Q: The Syrian people are crying. All sides are crying, whether supporters, or oppositionists, and the price has been costly for all. What was the price which Mariam Hallaq gave before, and during, the revolution?
A: The price of my message as an educator and mother has been my health. I spent 26 years shifting between schools in Damascus and its countryside. Of those, 25 years were spent in three schools, until, at the last, I was obligated to resign.
I am also a mother of three; Ayham was the youngest. I raised my children on the values of hard work, dignity and altruism and I taught my students the same.
Many Syrians may not have known Mariam Hallaq, the teacher. But by now, many of you know me as the mother of Ayham Ghazoul, the martyr. Consider that Ayham, suckled the milk and was fed on the thoughts of Mariam Hallaq, carrying her inside him.
The national spirit was strong in all that we did. As a family, we appealed for freedom, a life of dignity and justice, and to be the regulator of our human relationships. Ayham must have cherished these values just as we did.
Q: Have you followed up Ayham’s file from his time in prison? What did he tell you after his first imprisonment?
A: When Ayham was first imprisoned on 16 February, 2012, I had left my home in Harasta, and was staying with my sister in Damascus. I was quite sure, considering the group he was arrested with, that they wouldn't be tortured. The days passed slowly. I tried to relax by checking on his health, inquiring with the different Air Force Intelligence branches and putting in visit requests, even though I expected no answer. And so that's how it went until Ayham was released from jail on 12 May, 2012. He told us about the physical and psychological torture he endured, particularly as a doctor from a village considered to be supportive of the regime.
Q: A mother’s intuition is strong. She can feel her children. Did you ever have the sense of Ayham's death before you heard the news?

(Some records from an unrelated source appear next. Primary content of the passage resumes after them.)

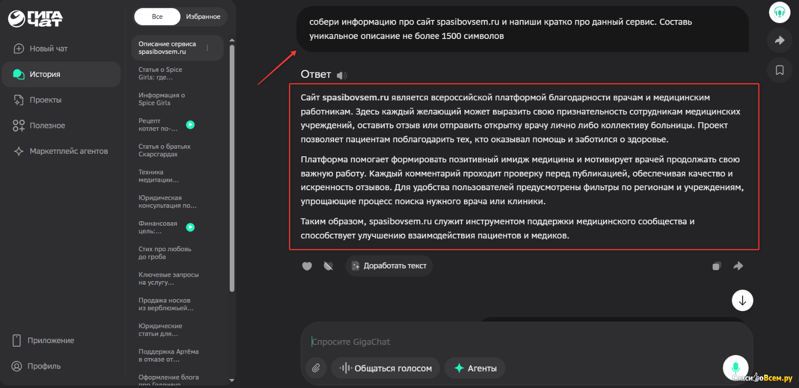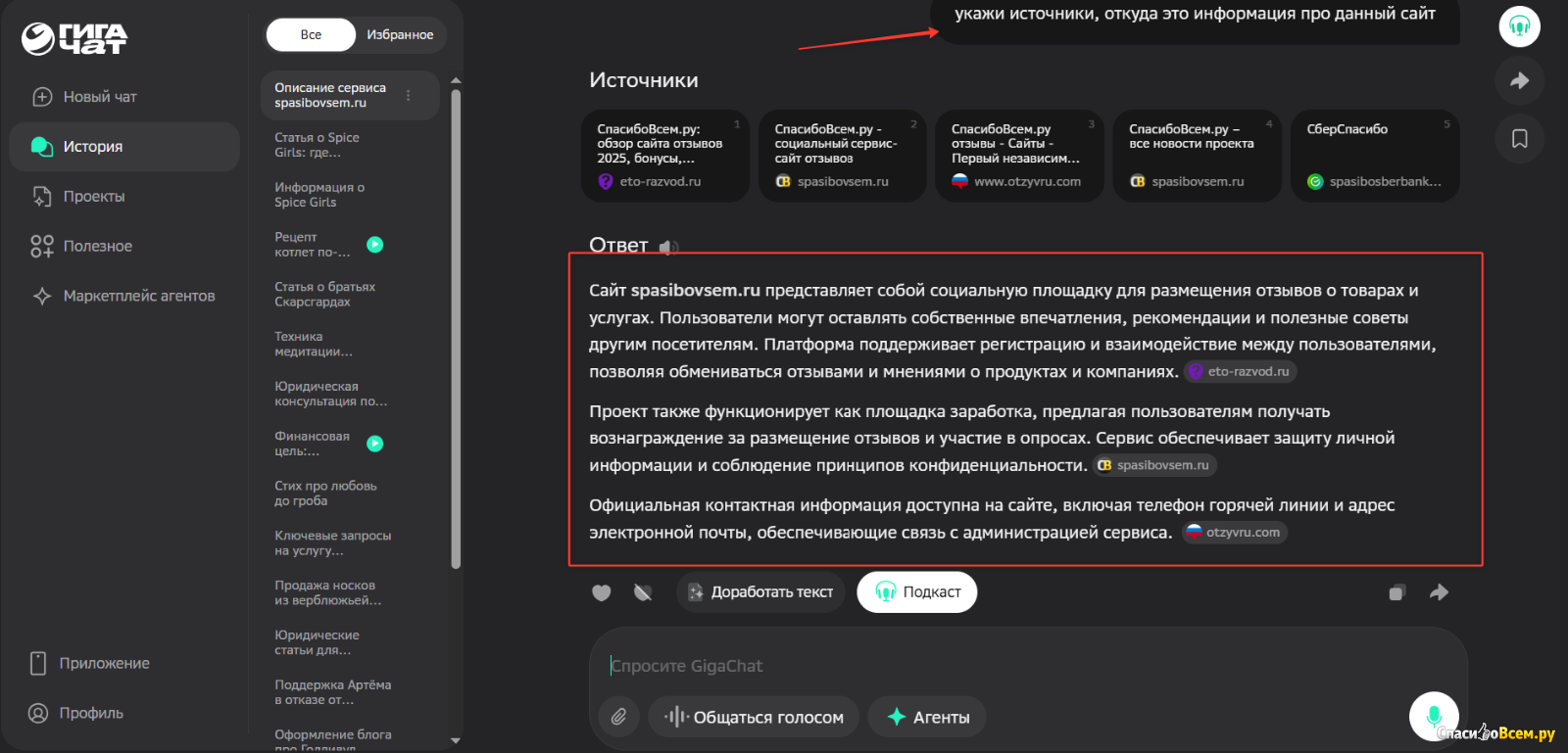Достоверность текстовой информации от ГигаЧата нужно проверять. Благо, нейросеть может собирать информацию в интернете и опираться на опубликованные статьи. Вот пример: пишу запрос в диалоговое окно, чтобы ГигаЧат напила про наш сайт СпасибоВсем. В первом варианте я получила недостоверную информацию, а после уточнения запроса сервис уже выдал корректный ответ на основе источников (смотри скрины).
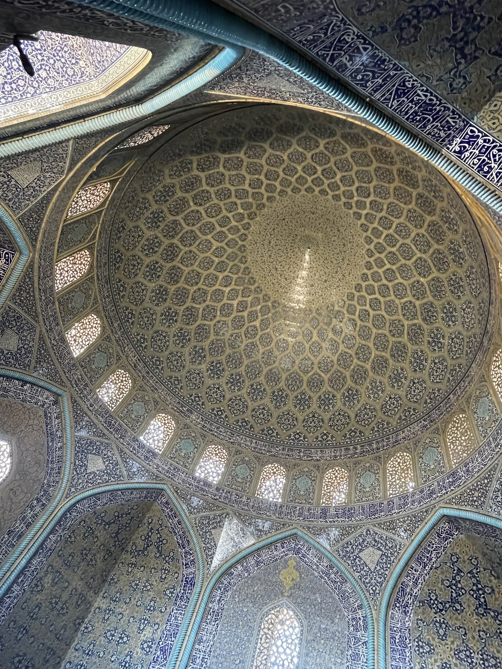 位于广场东侧的谢赫洛特芙拉清真寺是以阿巴斯大帝岳父(黎巴嫩著名什叶派学者)命名的,修建于1602年,完工于1619年,整整用了18年时间。该清真寺有两大特点,一是清真寺没有庭院和宣礼塔,据说原因是清真寺仅供皇室内部使用,所以不需要;二是清真寺穹顶外部的颜色会随着太阳光线变化,到傍晚会逐渐变成粉红色。
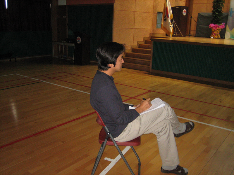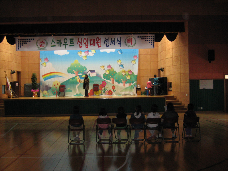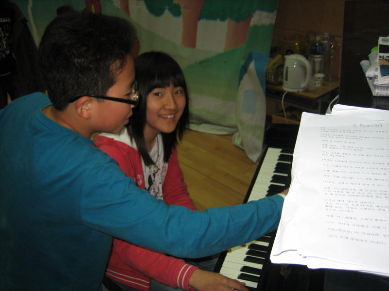 월요일에 쉬는 아정이가 오디션을 돕는다고 해서 피아노 반주가 되는 체육관으로 옮겼다. |
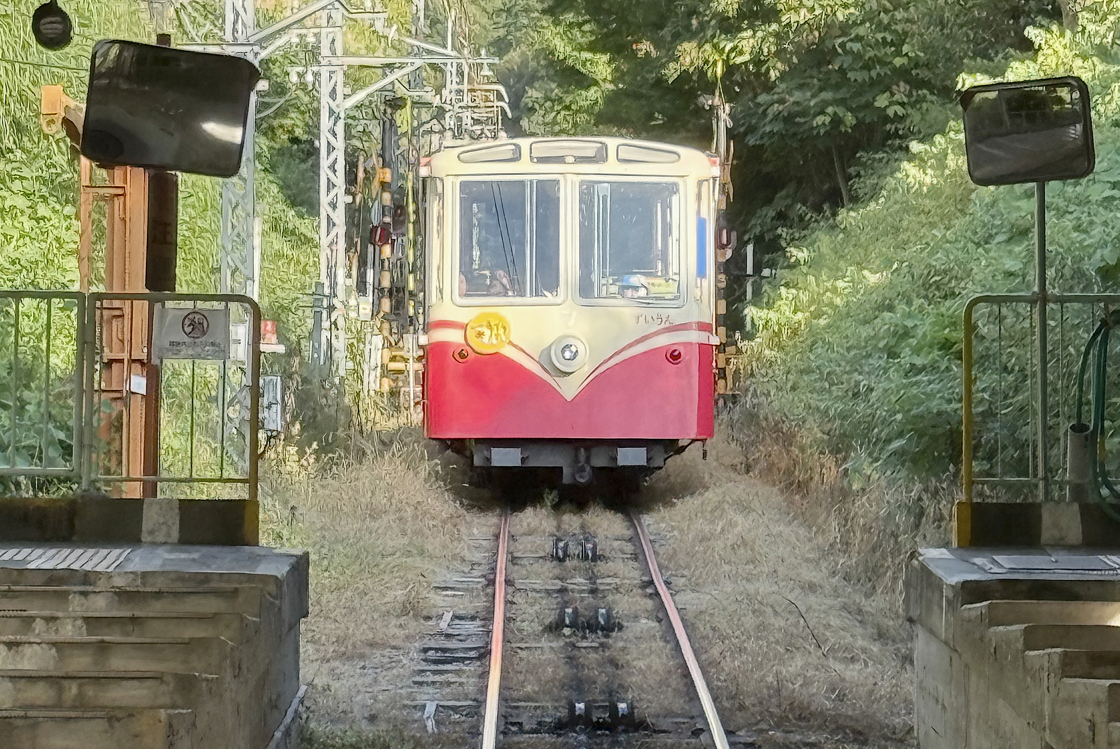 ちょうど、高安山から降りてきたケーブルカーが到着するところでした。
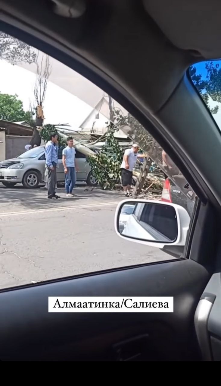 В Бишкеке дерево упало на автомобиль. Об этом в Instagram сообщил активист Эртай Искаков.
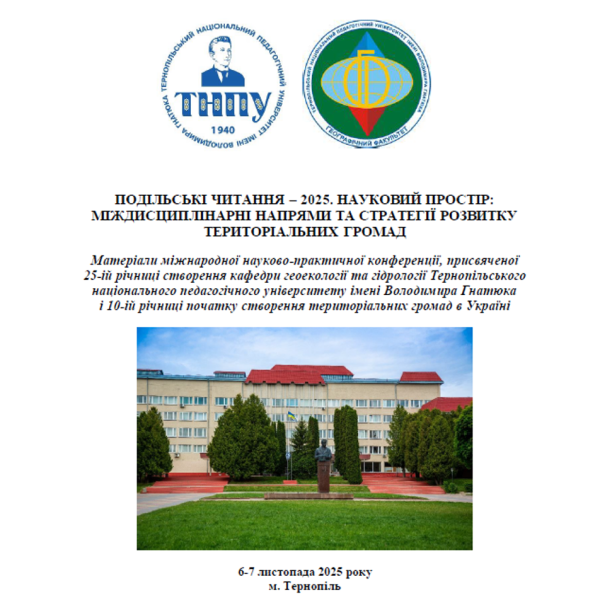 6-7 листопада на географічному факультеті Тернопільського національного педагогічного університету імені Володимира Гнатюка проходила ХІ Міжнародна науково-практична конференція «Подільські читання-2025 «Науковий простір: міждисциплінарні напрямки та стратегії розвитку територіальних… Читати далі »НПК «ПОДІЛЬСЬКІ ЧИТАННЯ 2025»
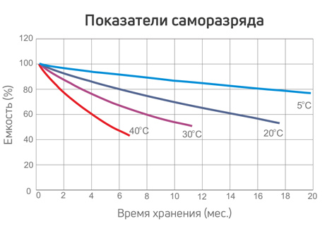 Конструкция аккумуляторной батареи Rutrike обеспечивает рекордно низкий для свинцовых аккумуляторов уровень саморазряда! Оптимальная температура хранения, как видно из графика, в районе +5 °С. При соблюдении условий саморазряд на 100% заряженной батареи в течение 20 месяцев снизится всего на 20%!
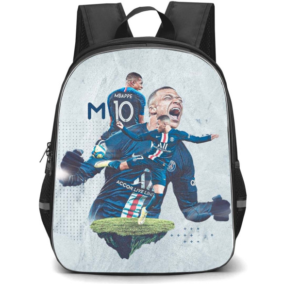 Shop the Kylian Mbappe Backpack StudentPack featuring a stunning Paris Saint-Germain Celebration Poster on a sleek gray background. Perfect for fans of the iconic football star.Our StudentPack is ultra durable and trendy, designed especially for students both young and old. Featuring one main compartment, a front compartment, and all of the space you could ever imagine. Durable and lightweight, the StudentPack is the perfect throw-on-and-go backpack for students.Features:- Roomy main compartment- Front compartment- 2 mesh pockets on both sides- Built to last, high quality waterproof oxford cloth- Adjustable padded shoulder straps- Front pocket with built in organizer- Padding on the back panel for superior comfort- Padded grab handle on top- High quality metal zips- 100% recycled undyed linerSpecifications:Fabric: 100% Polyester Oxford ClothCapacity: 15L (Small size) / 27L (Large size)Weight: 17.63 oz / 500gDimensions: Large size: 16.5" x 13" x 6.3" / 42 x 33 x 16 cmSmall size: 13" x 11" x 6.3" / 32 x 28 x 16 cm
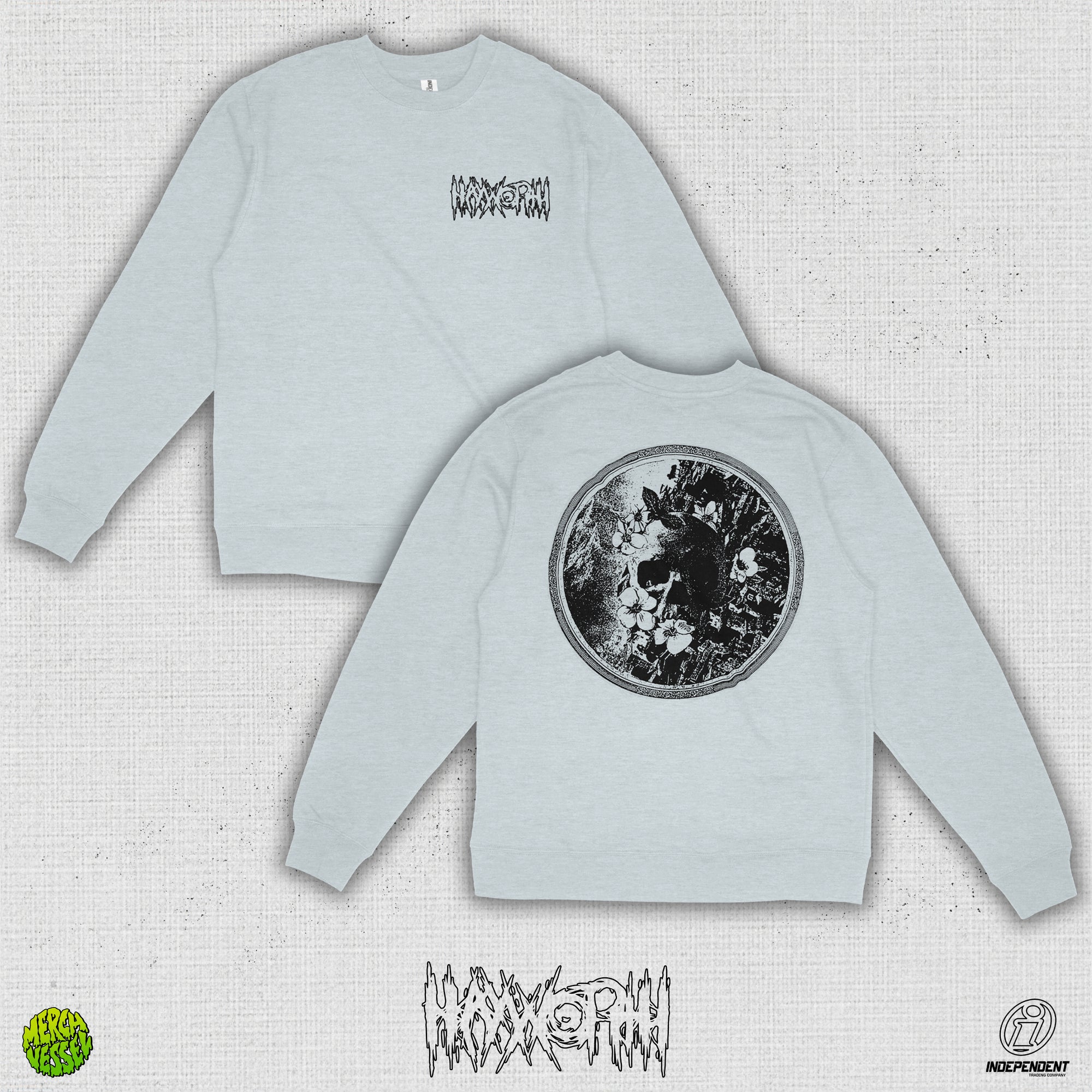 These are printed on heather gray Independent midweight crewneck sweaters. This is a midweight 8.5oz sweater.
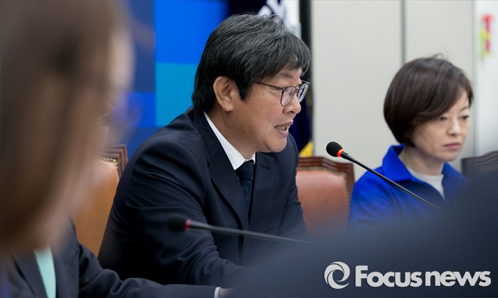 (서울=포커스뉴스) 29일 오전 서울 여의도 국회에서 열린 더불어민주당 보수단체 불법자금지원 의혹규명 진상조사 태스크포스(TF) 1차 회의에 참석한 이춘석 위원장이 인사말을 하고 있다.
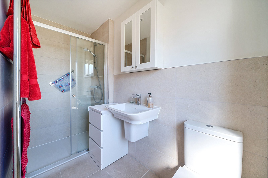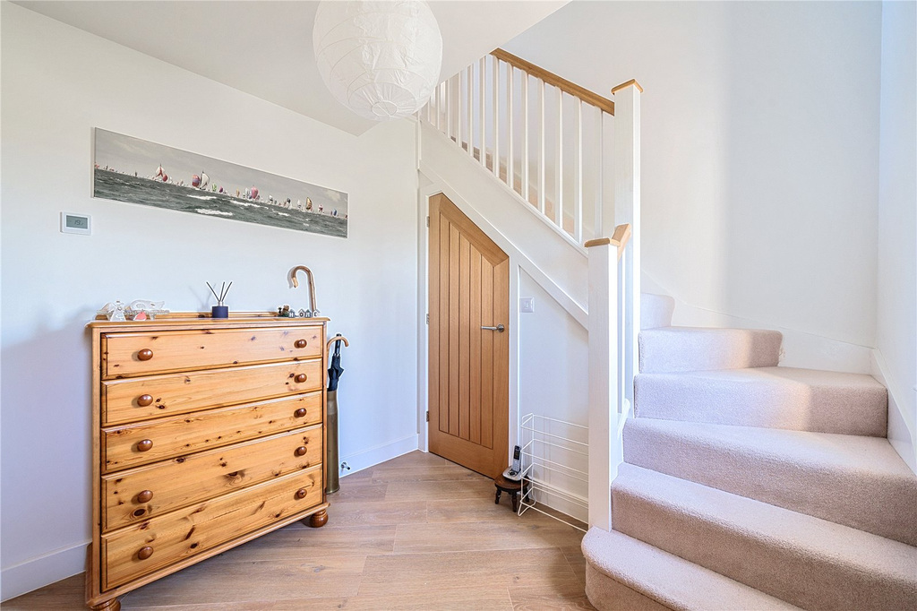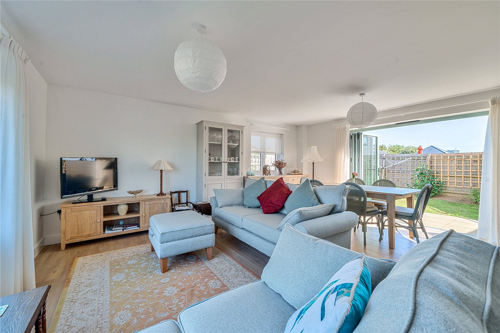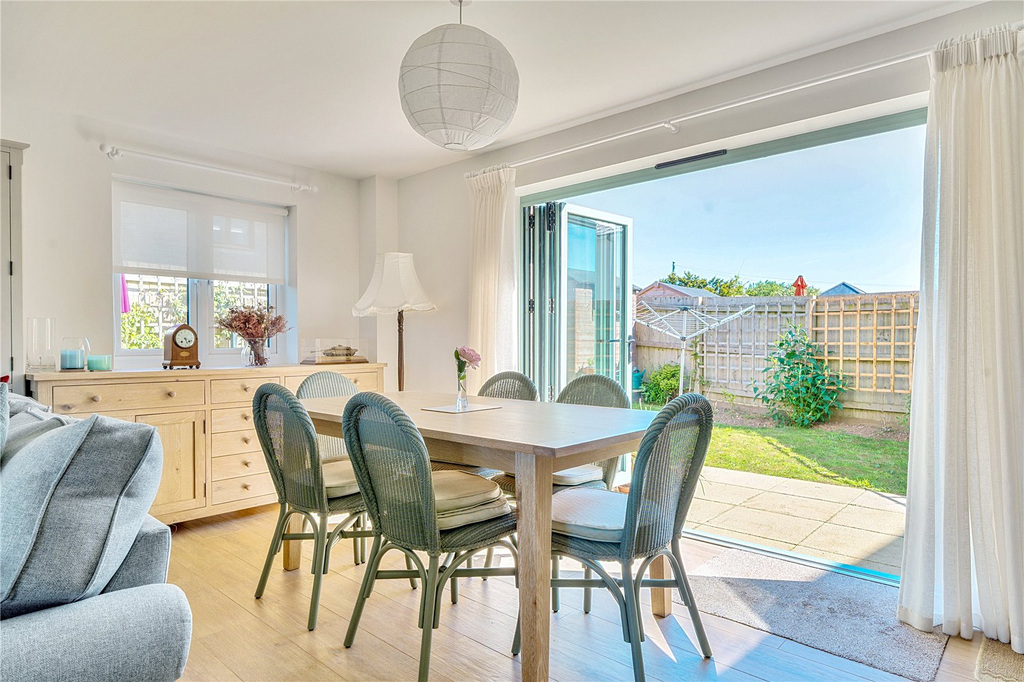 The spacious entrance hall provides stairs to the first floor, storage beneath and a guest cloakroom. The bright and inviting sitting/dining room, has a triple aspect with bi-fold doors leading out to the garden. The contemporary kitchen leads off, with a rear aspect looking out over the garden, fitted with an array of matching base and wall units, with an electric oven and hob, and space for appliances.
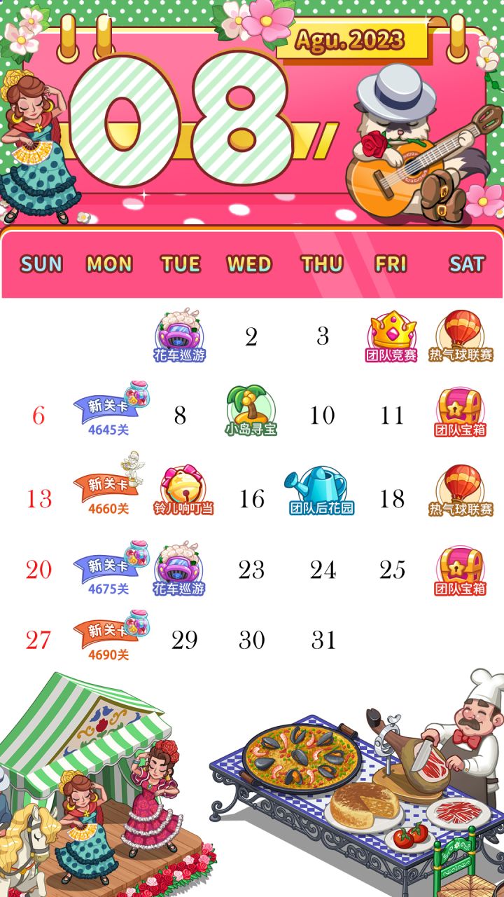 8月的活动日历来啦~快来看看本月都有哪些活动吧~(可能会有部分改动,具体以游戏内为准)
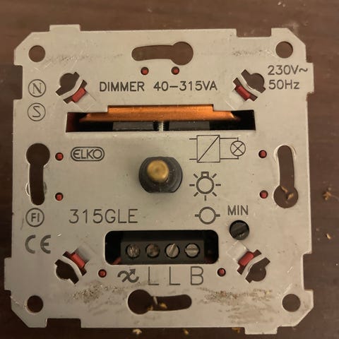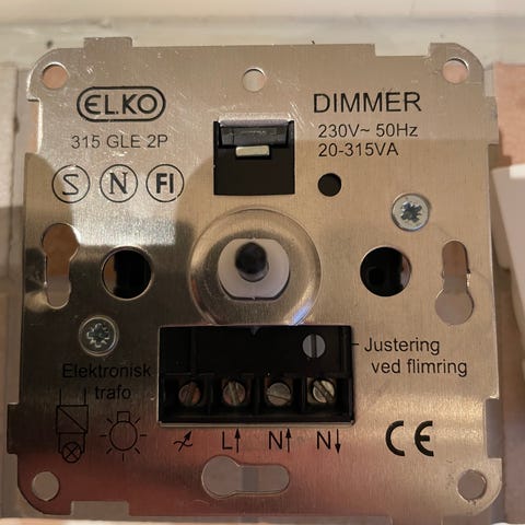 Elko 400GLJ lysdimmer med justerbar lysstyrke og av / på. Passer til standard veggbryterrammer. Juster skrue. Spenning 230V, maks belastning 400W. Pris samlet 2 stk.
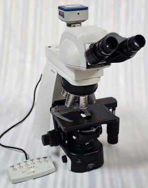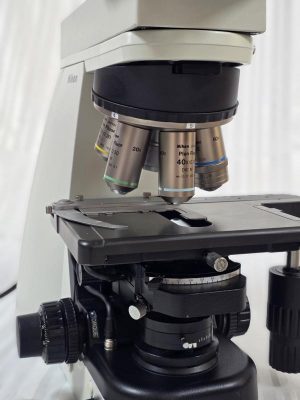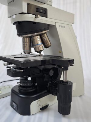 Sehr hochwertiges Nikon Eclipse Ci Durchlichtmikroskop mit Ergotrinokulartubus, Vergrösserungswechsler, LED Beleuchtung, Polarisation, motorischem Objektivwechsel, Komplettbestueckung mit hochwertigen Plan Fluor Objektiven
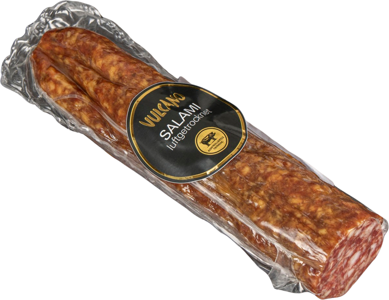 El salami Vulcano Exklusiv se caracteriza por la perfecta combinación de carnes seleccionadas, curadas lentamente al aire hasta conseguir un sabor pleno y armonioso. Ideal para tablas de embutidos, raclette o como sabroso aperitivo de sabor intenso. Sin gluten ni lactosa, es un placer para todos.
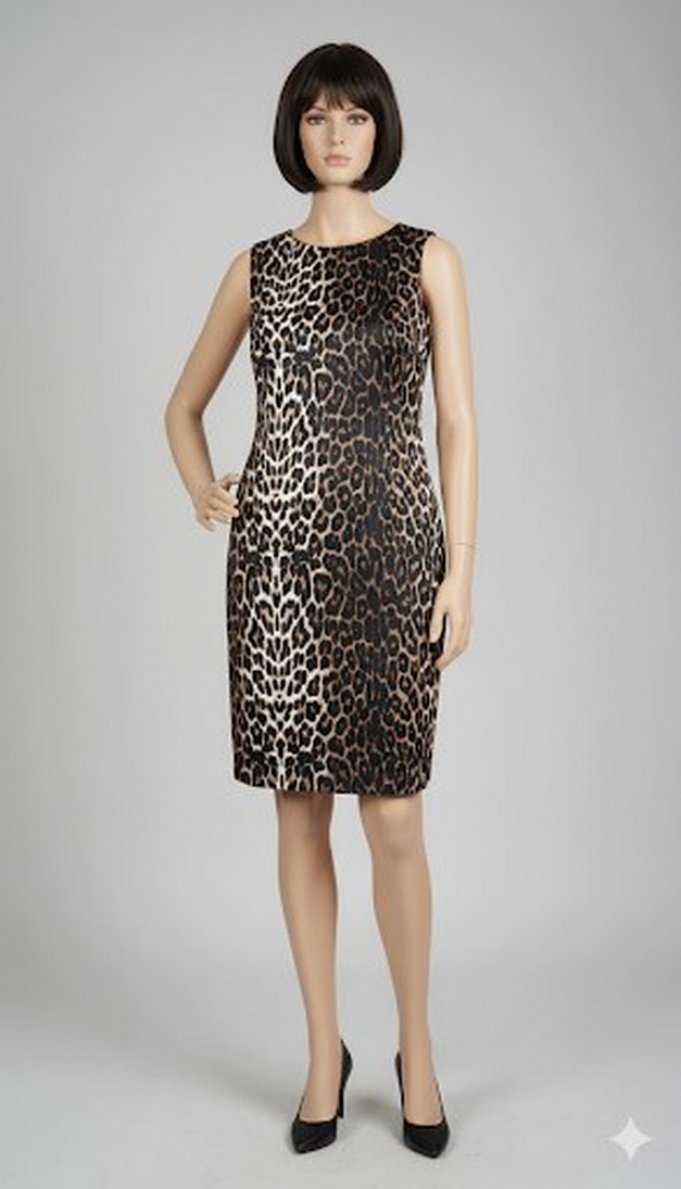 Kahverengi leopar desenli, kolsuz ve V yakalı, kürk detaylı, ofis için uygun midi kesim dar elbise.
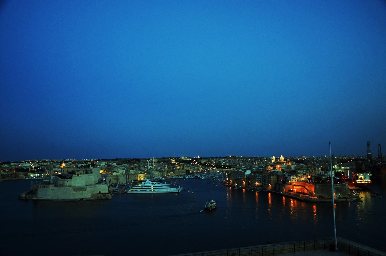 Valletta harbor at night

A: In the afternoon, a few days after his second imprisonment, I went into his room and felt the door from where he usually enters the house open. I felt Ayham’s featureless body being thrown on the room's floor. I felt a sense of grief and catastrophe; I was sure that some big disaster had taken place and that this was the day of his martyrdom. After I learned of his death, and I saw him in that state every time I entered his room. I expelled the black thoughts and worries and began to move away from that room – but whenever I felt overwhelmed with the emotions and nostalgia, I went in to empty the load of pain and tears and bottled screams.
Q: In some moments so you meet Ayham? Do you blame him for never saying goodbye, sing a sad song for him? Remember the story of his love? Smell his unknown grave? What do you tell him when you telepathize with him?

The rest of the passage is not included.